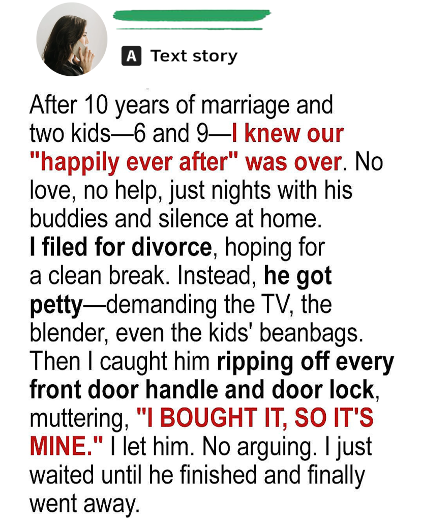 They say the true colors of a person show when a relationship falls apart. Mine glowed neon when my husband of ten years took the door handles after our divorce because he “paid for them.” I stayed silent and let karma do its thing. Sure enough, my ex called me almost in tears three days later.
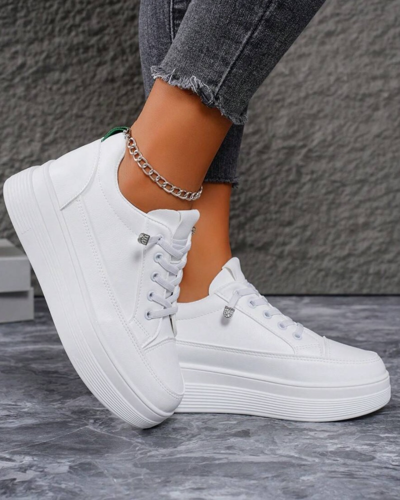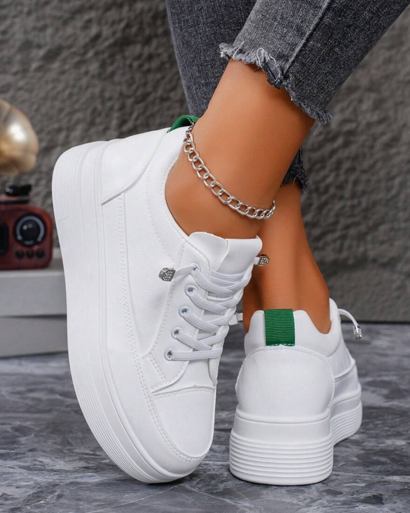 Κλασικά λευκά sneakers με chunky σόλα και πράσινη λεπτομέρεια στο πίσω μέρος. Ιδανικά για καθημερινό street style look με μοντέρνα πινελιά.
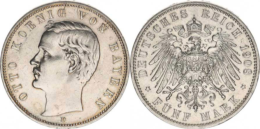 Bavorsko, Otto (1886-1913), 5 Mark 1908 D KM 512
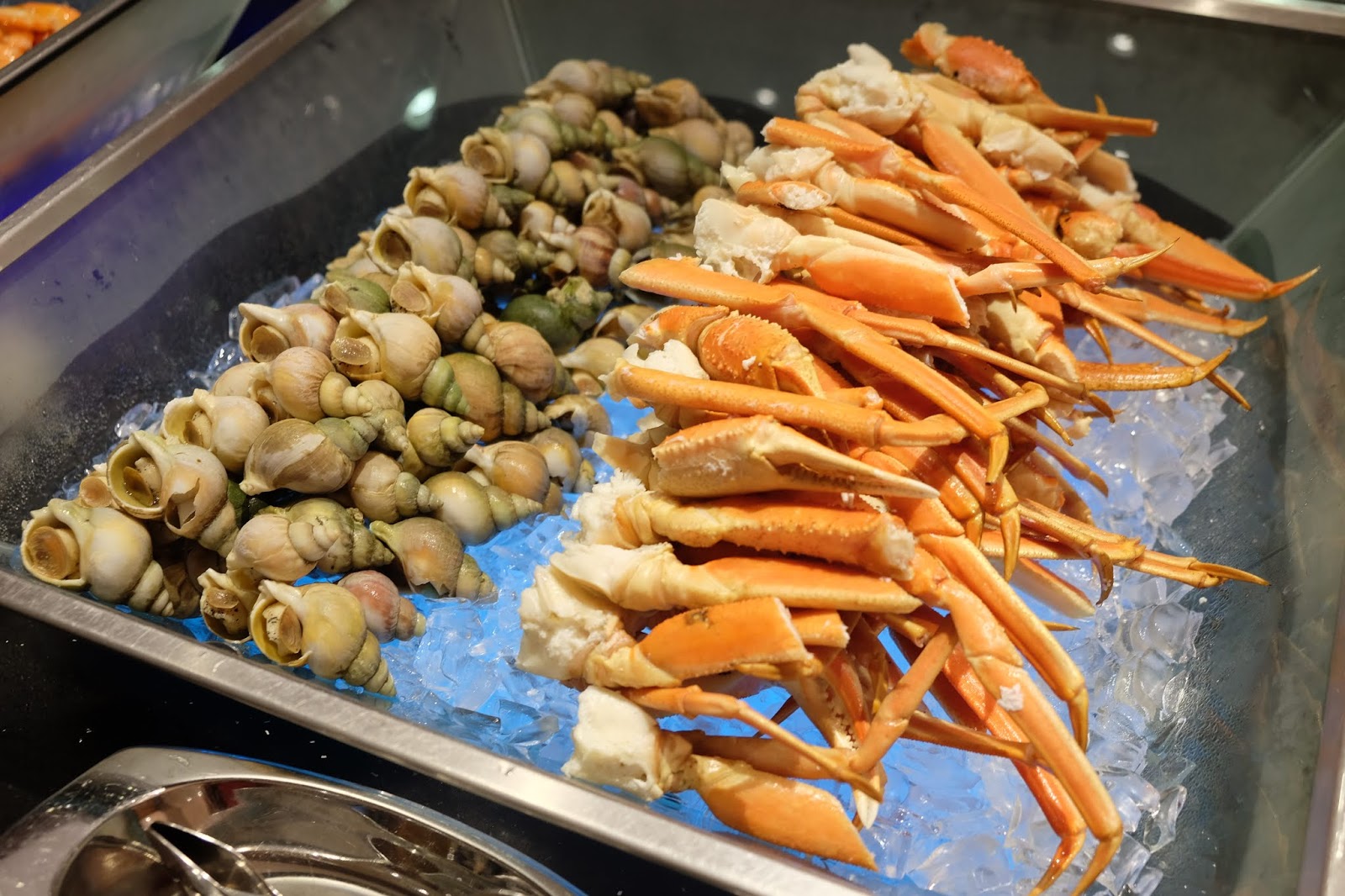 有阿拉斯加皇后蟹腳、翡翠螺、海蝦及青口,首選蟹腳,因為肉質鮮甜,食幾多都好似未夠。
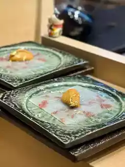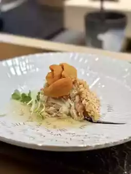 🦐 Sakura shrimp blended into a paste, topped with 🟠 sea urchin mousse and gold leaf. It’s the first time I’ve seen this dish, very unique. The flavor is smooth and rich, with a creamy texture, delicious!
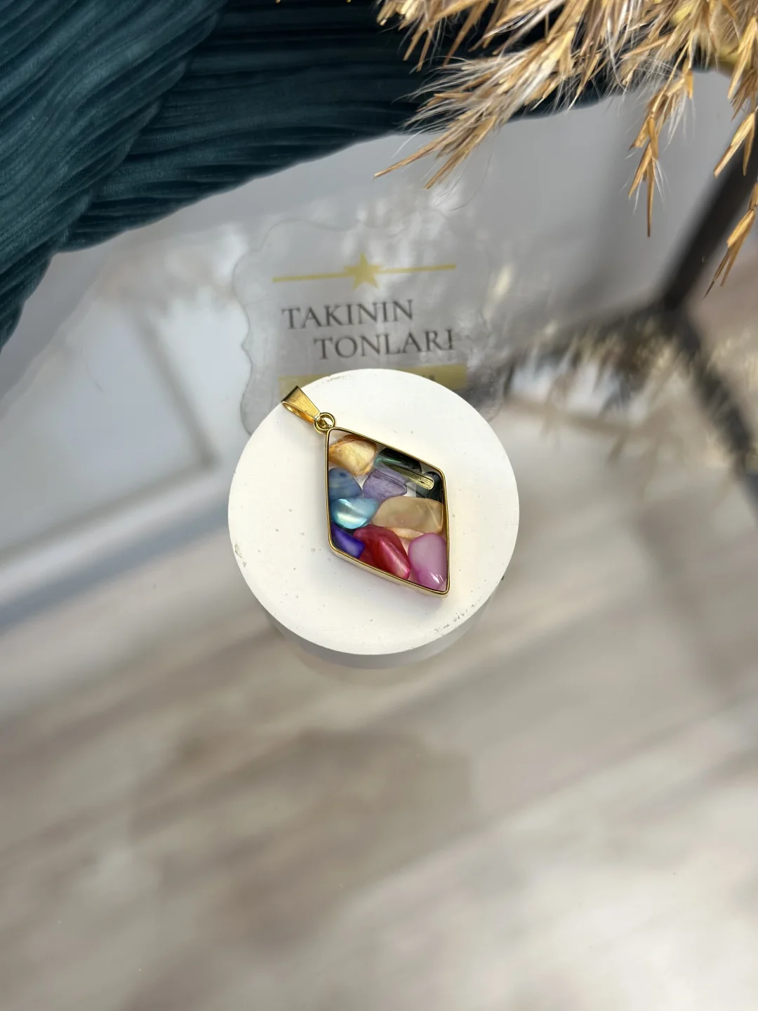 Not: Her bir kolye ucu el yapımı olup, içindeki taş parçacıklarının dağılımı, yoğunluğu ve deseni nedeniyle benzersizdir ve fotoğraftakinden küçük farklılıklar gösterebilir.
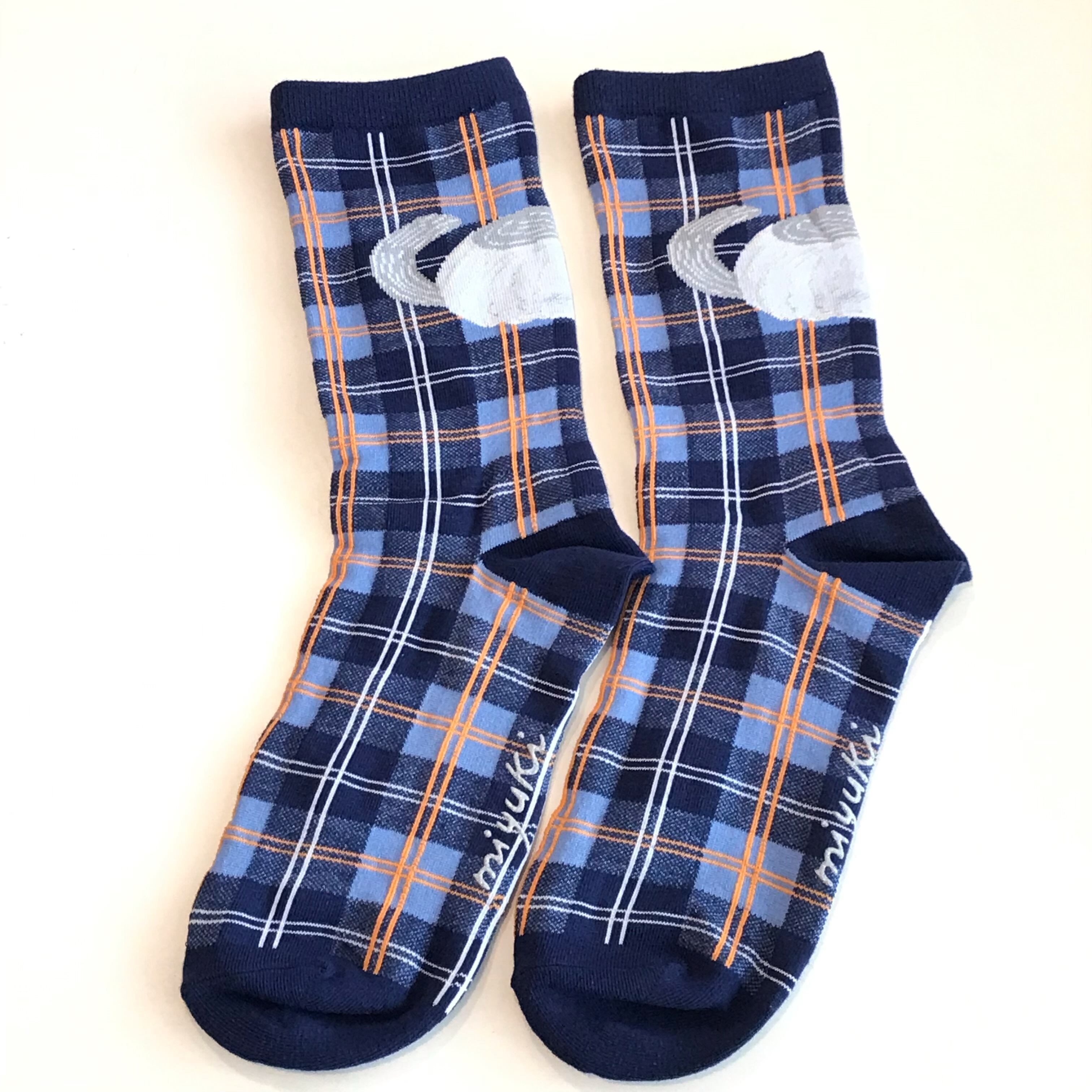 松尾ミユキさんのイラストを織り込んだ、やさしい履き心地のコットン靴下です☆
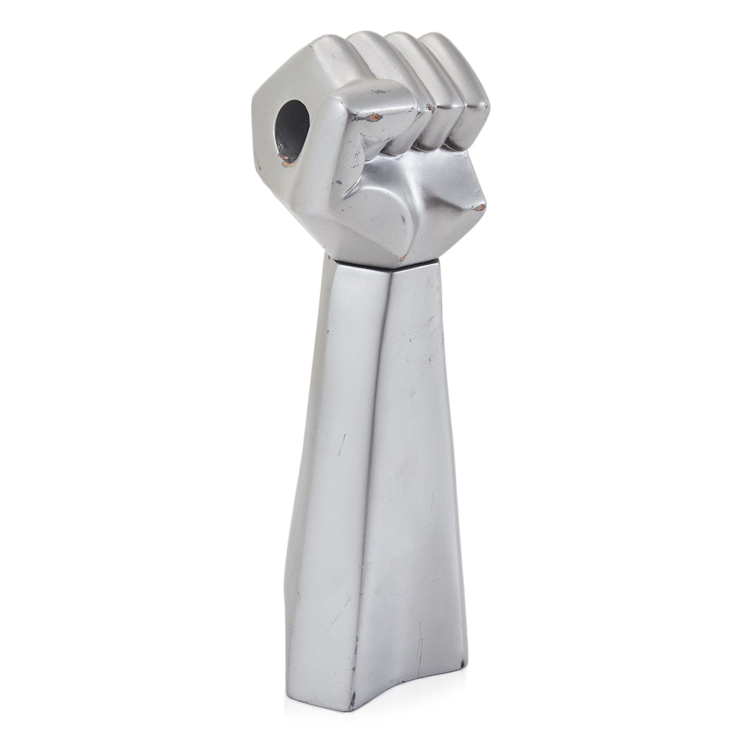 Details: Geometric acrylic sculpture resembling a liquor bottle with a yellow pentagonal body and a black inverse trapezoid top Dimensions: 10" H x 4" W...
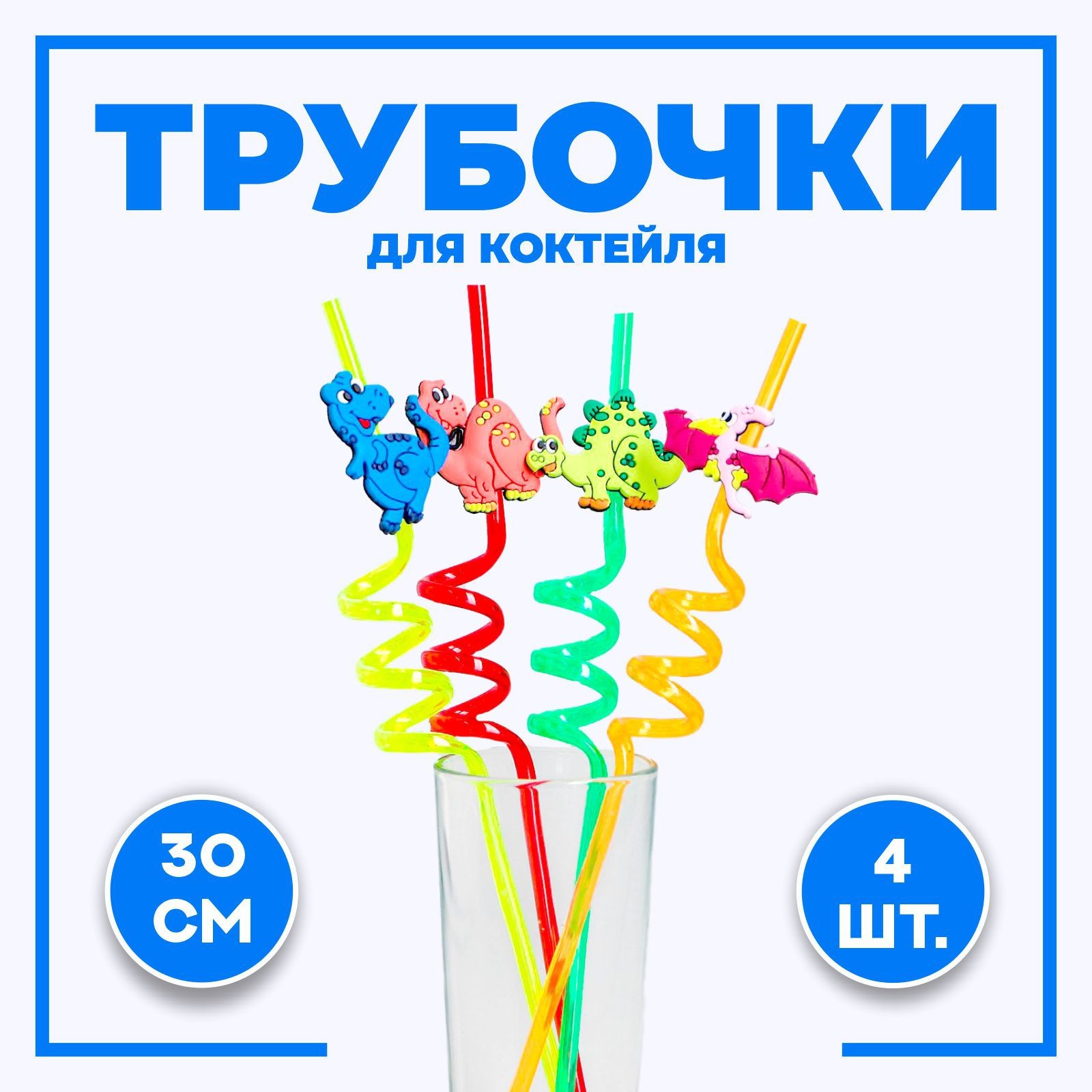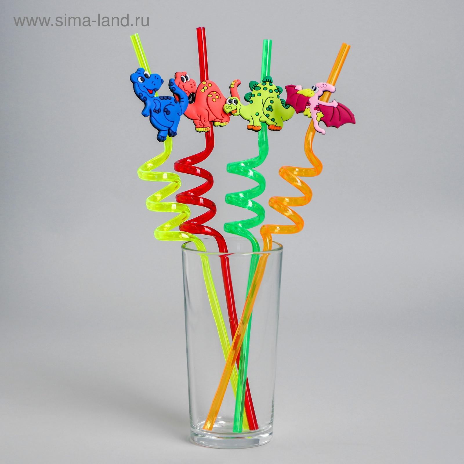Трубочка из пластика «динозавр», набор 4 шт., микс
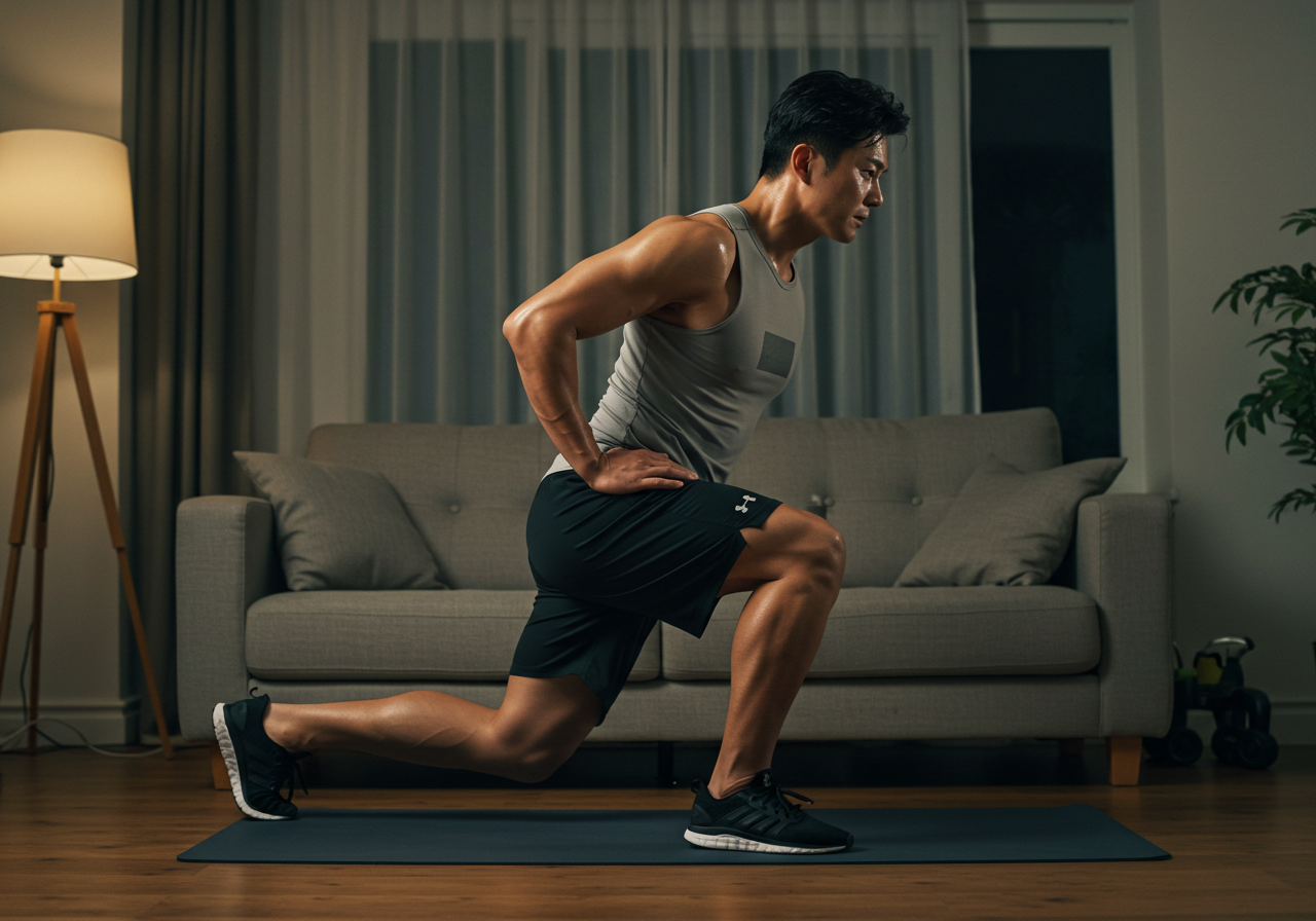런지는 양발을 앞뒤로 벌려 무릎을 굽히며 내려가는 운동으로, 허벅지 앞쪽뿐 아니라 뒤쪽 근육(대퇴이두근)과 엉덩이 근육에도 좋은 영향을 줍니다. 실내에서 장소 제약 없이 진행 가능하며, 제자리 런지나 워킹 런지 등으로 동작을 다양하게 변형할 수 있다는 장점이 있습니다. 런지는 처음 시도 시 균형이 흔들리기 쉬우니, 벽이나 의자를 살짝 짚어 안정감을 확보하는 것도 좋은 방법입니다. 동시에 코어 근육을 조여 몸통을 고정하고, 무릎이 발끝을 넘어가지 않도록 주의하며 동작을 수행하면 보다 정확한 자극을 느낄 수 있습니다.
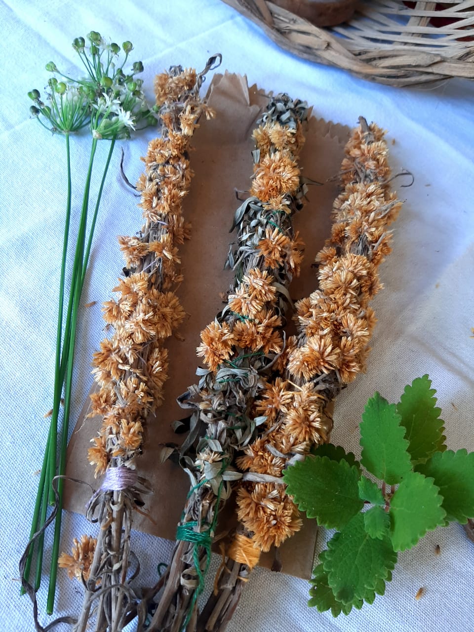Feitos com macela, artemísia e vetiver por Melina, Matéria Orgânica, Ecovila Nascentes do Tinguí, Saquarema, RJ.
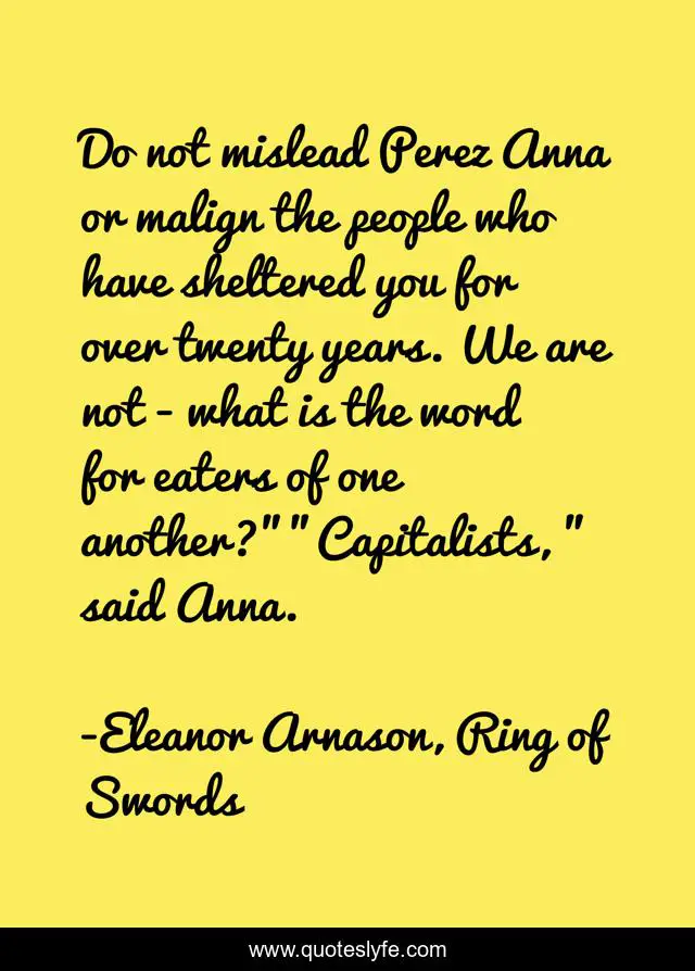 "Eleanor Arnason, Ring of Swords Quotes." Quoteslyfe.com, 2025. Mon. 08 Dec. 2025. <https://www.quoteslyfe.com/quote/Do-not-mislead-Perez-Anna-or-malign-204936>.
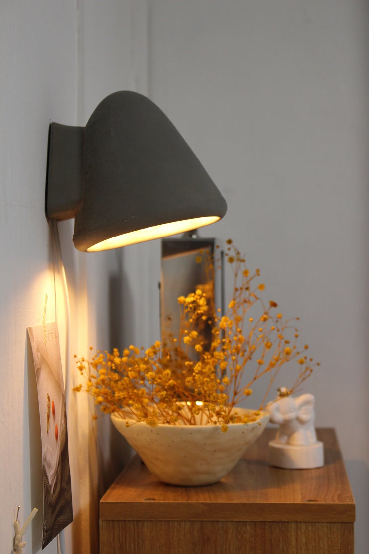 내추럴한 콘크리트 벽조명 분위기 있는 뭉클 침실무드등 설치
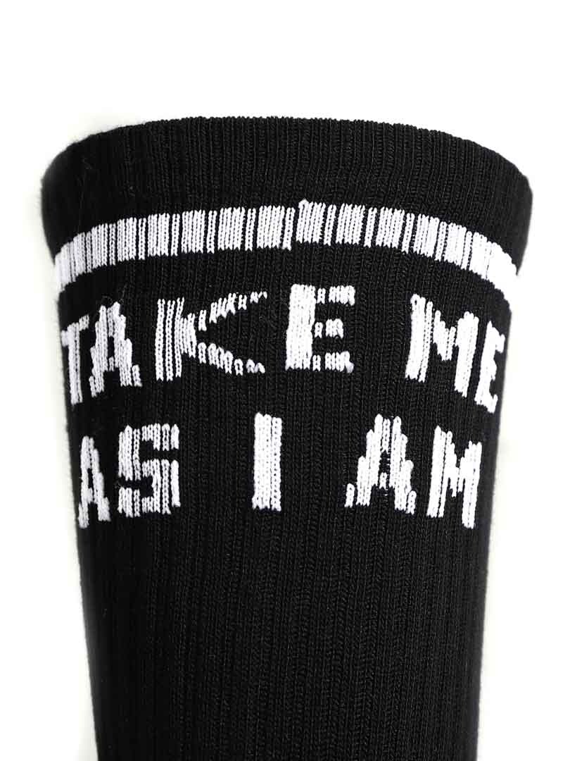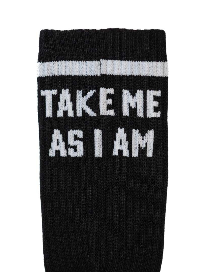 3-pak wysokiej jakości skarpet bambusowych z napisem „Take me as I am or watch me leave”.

##########

WHAT IS EXPECTED:
The lines running from the beginning of the listing above through the line that holds "Not: Her bir" are to be duplicated exactly, both ends kept, pictures omitted.

ANSWER BOX:
 They say the true colors of a person show when a relationship falls apart. Mine glowed neon when my husband of ten years took the door handles after our divorce because he “paid for them.” I stayed silent and let karma do its thing. Sure enough, my ex called me almost in tears three days later.
 Κλασικά λευκά sneakers με chunky σόλα και πράσινη λεπτομέρεια στο πίσω μέρος. Ιδανικά για καθημερινό street style look με μοντέρνα πινελιά.
 Bavorsko, Otto (1886-1913), 5 Mark 1908 D KM 512
 有阿拉斯加皇后蟹腳、翡翠螺、海蝦及青口,首選蟹腳,因為肉質鮮甜,食幾多都好似未夠。
 🦐 Sakura shrimp blended into a paste, topped with 🟠 sea urchin mousse and gold leaf. It’s the first time I’ve seen this dish, very unique. The flavor is smooth and rich, with a creamy texture, delicious!
 Not: Her bir kolye ucu el yapımı olup, içindeki taş parçacıklarının dağılımı, yoğunluğu ve deseni nedeniyle benzersizdir ve fotoğraftakinden küçük farklılıklar gösterebilir.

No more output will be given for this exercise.